5) Invalidation of an entry in the page table

In a cluster Z, owner of process P, the kernel can invalidate an entry of PT(P,Z). It can occur in case of a lack of memory in cluster Z for example, or more simply in case of a munmap(). If the vseg concerned is a STACK vseg, the invalidated entry in PT(P,Z) must also be invalidated in the PT(P,K) of all other clusters. To do so, the kernel of cluster Z has to broadcast a PT_INVAL_BCRPC to all other active clusters of P.

6) RPC broadcasts optimization

In a broadcast RPC, all recipient clusters have to signal the termination by atomically incrementing a response couner, which is polled by the initiator cluster. To reduce the number of receivers, a process P descriptor of owner cluster Z can keep four variables XMIN, XMAX, YMIN, YMAX defining the minimal rectangle covering all active clusters of P at any time. In this case, a broadcast RPC has to be sent only to (XMAX - XMIN + 1) * (YMAX - YMIN +1) recipients. These variables are updated upon each thread creation.

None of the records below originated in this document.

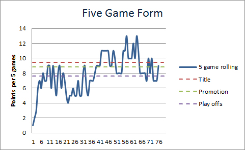Unsurprisingly, however, short term form has taken a dip since Christmas.The two defeats against Northampton and Accrington saw our form drop to below what’s needed for even the play-offs for the first time since last season. To some extent, our current position is reliant on strong early season form.
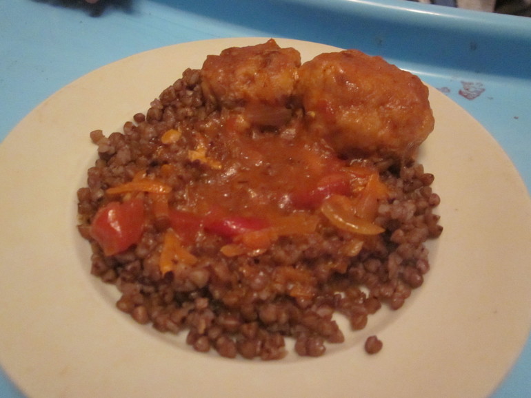 Мясо с макаронами не ем, а рис и гречу часто. Крупа и белок отлично сочетаются в обед)
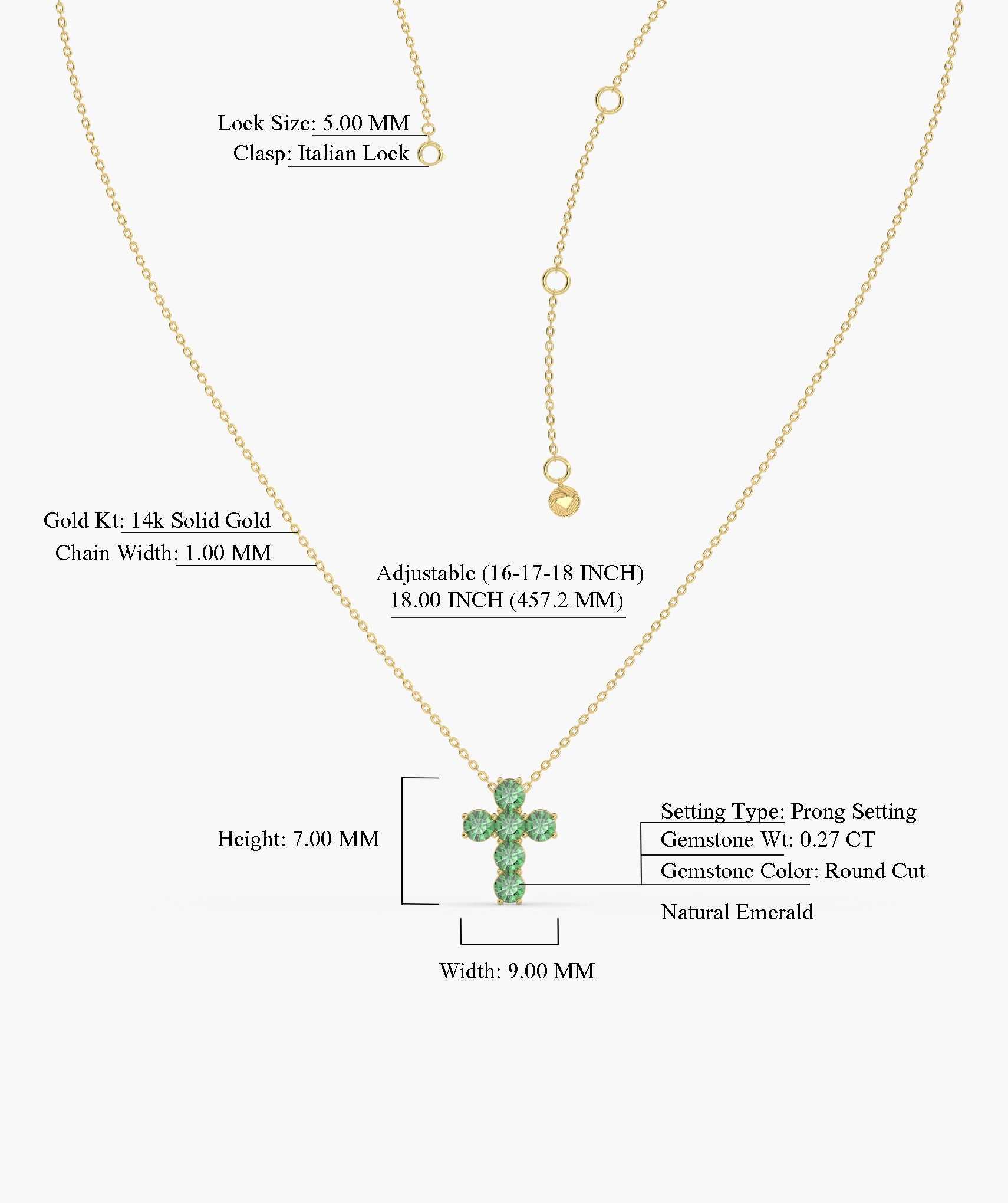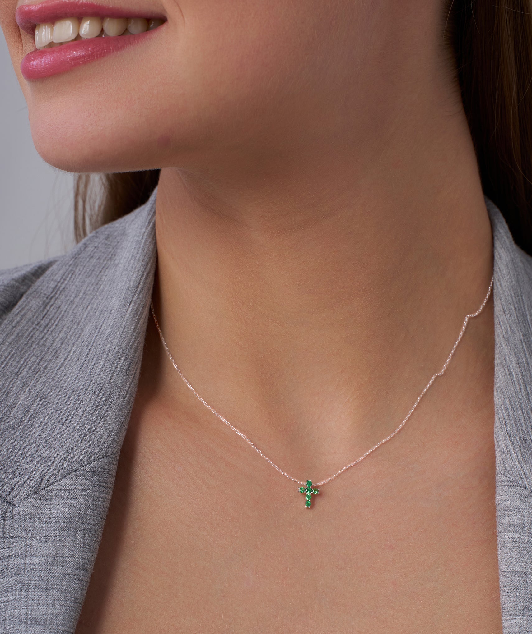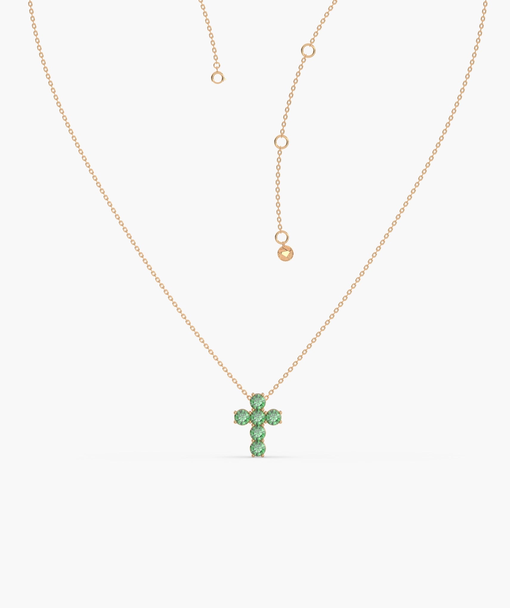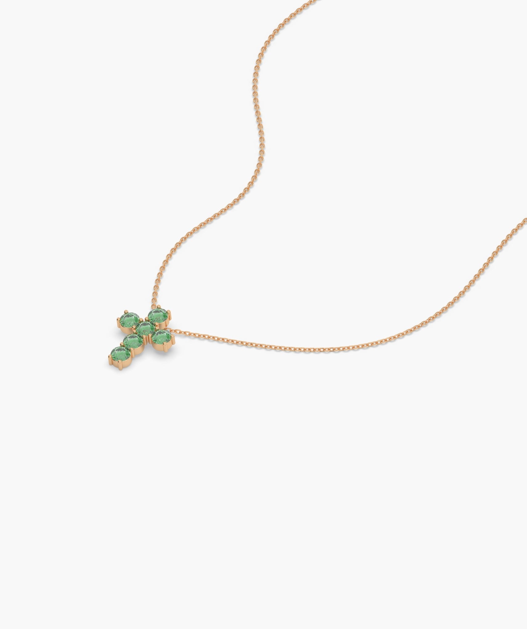 A timeless 14K solid gold necklace featuring a radiant cross pendant adorned with vibrant green diamonds.
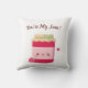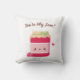 Uma garrafa fofa de doce de morango com um morango deitado do lado e um coração do outro. A doce legenda do trocadilho diz "Você é minha geleia!" Travesseiro decorativo adorável para Dia de os namorados ou para uma confissão de amor!
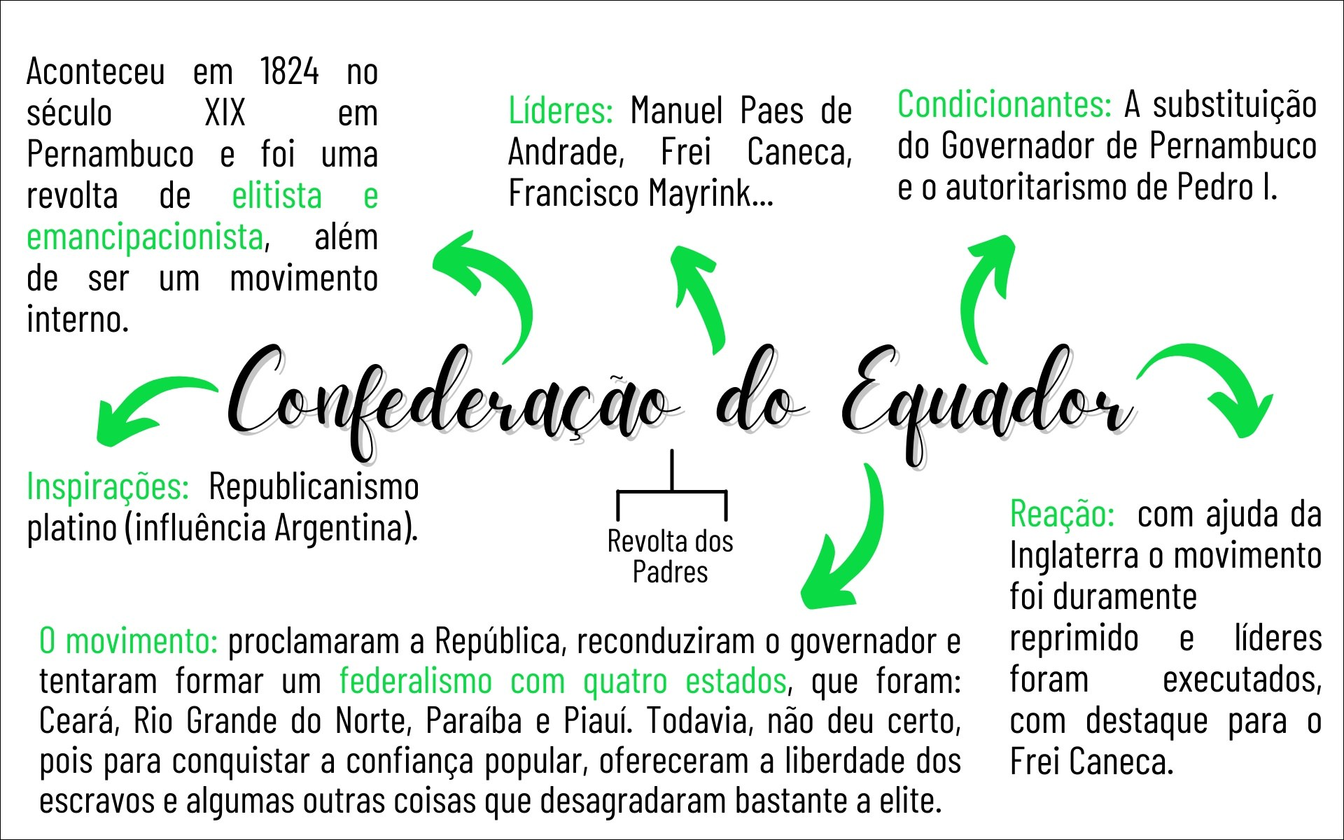 A Confederação do Equador foi um movimento revolucionário que se iniciou em Pernambuco e logo alcançou outras províncias vizinhas. Os revoltosos se levantaram contra o governo central por causa do autoritarismo de Dom Pedro I ao fechar a Assembleia Constituinte de 1823 e impor uma Constituição, no ano seguinte, que lhe assegurou poderes absolutistas. Além dessa oposição ao arbítrio do imperador, a confederação pretendia implantar o regime republicano. As tropas imperiais conseguiram abafar o movimento e matar seus líderes.
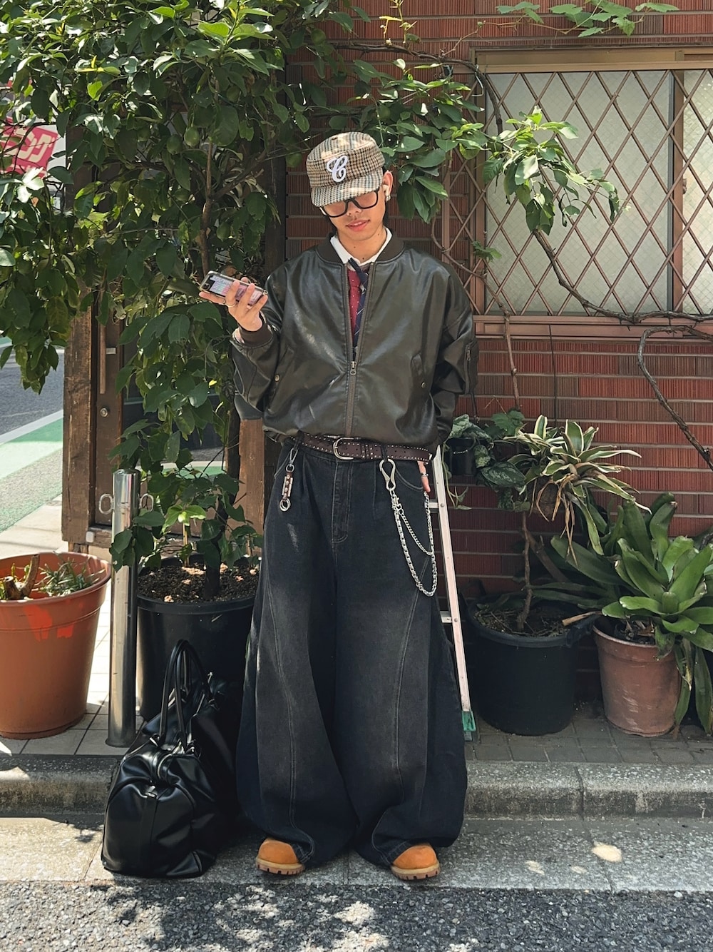 ネクタイスタイルの秋のストリートシック ブラックとブラウンの合わせが大人っぽく決まります^^
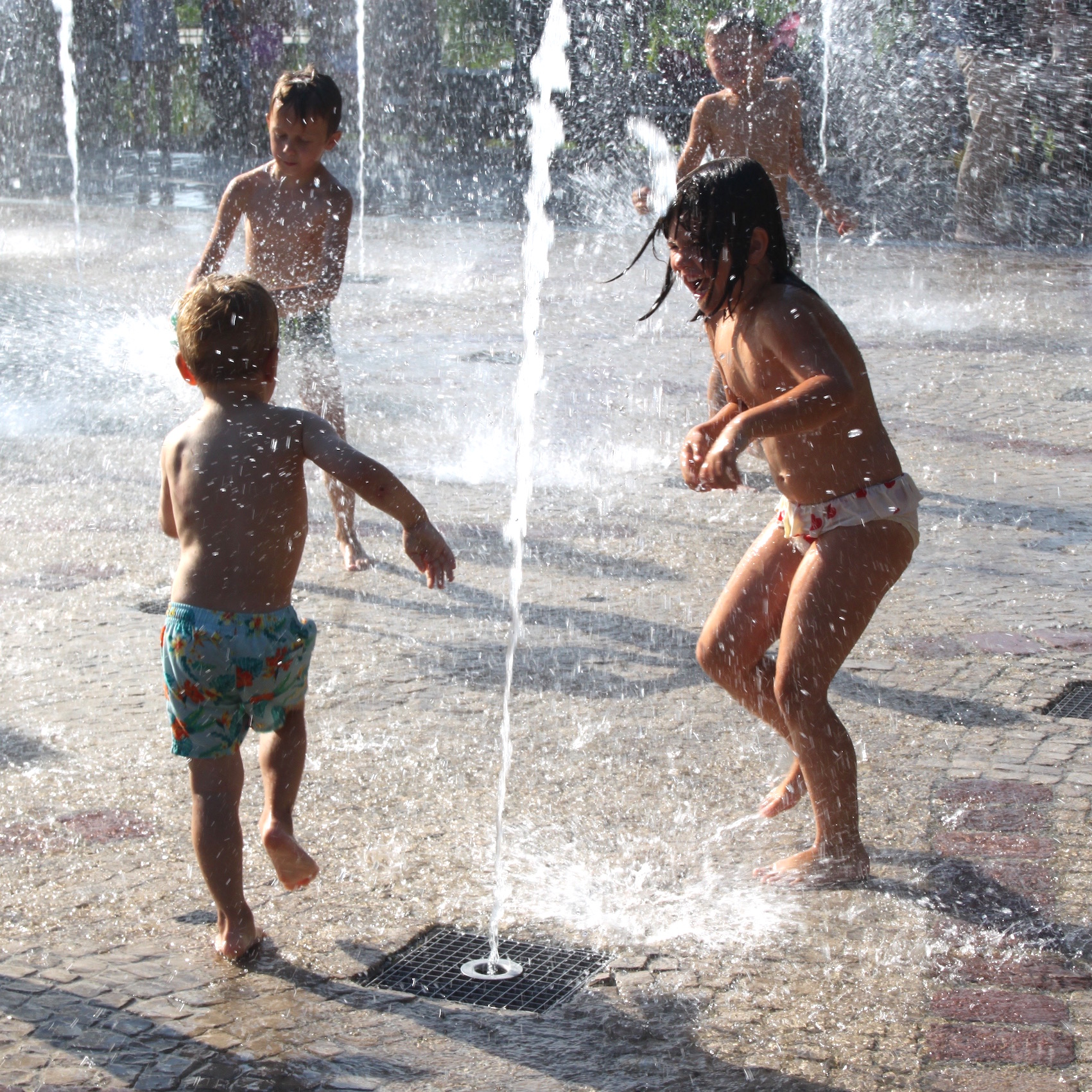Des jets d’eau juste a coté de chez nous, c’est super.
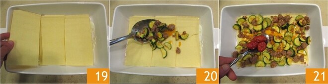 Agora coloque 3 das 12 folhas de massa seca 19 e cubra com parte do molho de linguiça e abobrinha 20. Distribua também os tomatinhos por cima 21.
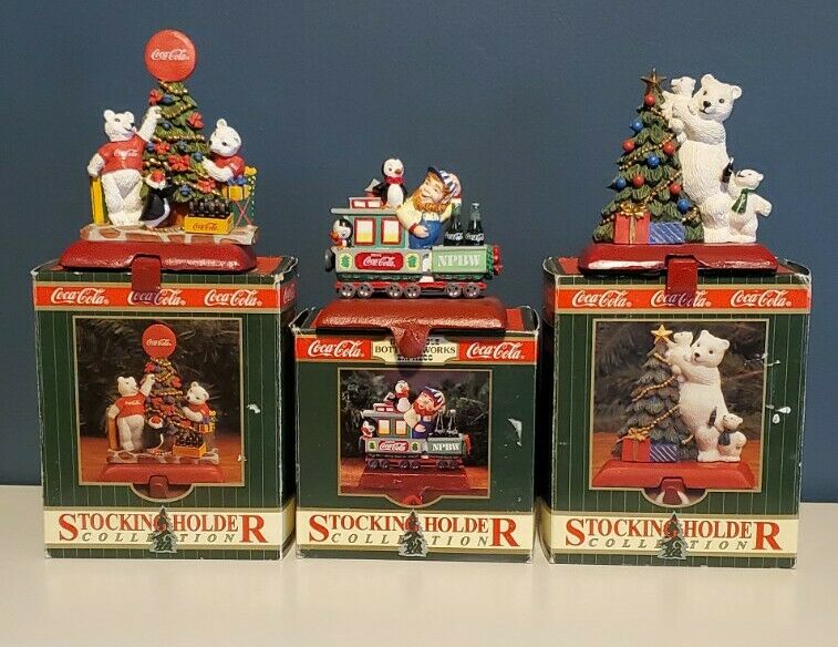 Title (ebay affiliate link): 1997 COCA-COLA POLAR BEARS STOCKING HOLDER with 95 North pole Bottling Express
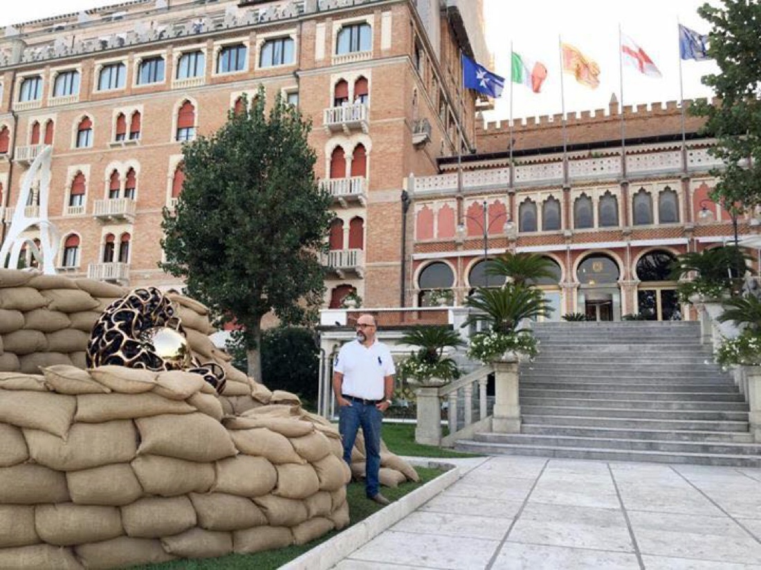 Lo scultore Gianfranco Meggiato davanti all’Hotel Excelsior con una delle sue sculture. Venezia, 3 settembre 2017

7 ) Page fault handling optimization

To reduce the number of RPC triggered by page faults, the kernel of a cluster X detecting a page fault can use a remote_read() in the PT(P,Z) table of the reference cluster insteadof a PT_MISS_RPC. In this case, however, a multi-reader lock must be used in order to avoid an inconsistent state in cas of a PT_INVAL_BC_RPC simultaneous transaction initiated by cluster Z. This lock must be systematically taken by the owner cluster before a PT_INVAL_BC_RPC and by the other clusters before a remote_read(). It ensures that a PT_INVAL_RPC should be launched only after the termination of all current remote_read(). It guarantees that no new remote_read() will be accepted before the completion of the PT_INVAL_RPC.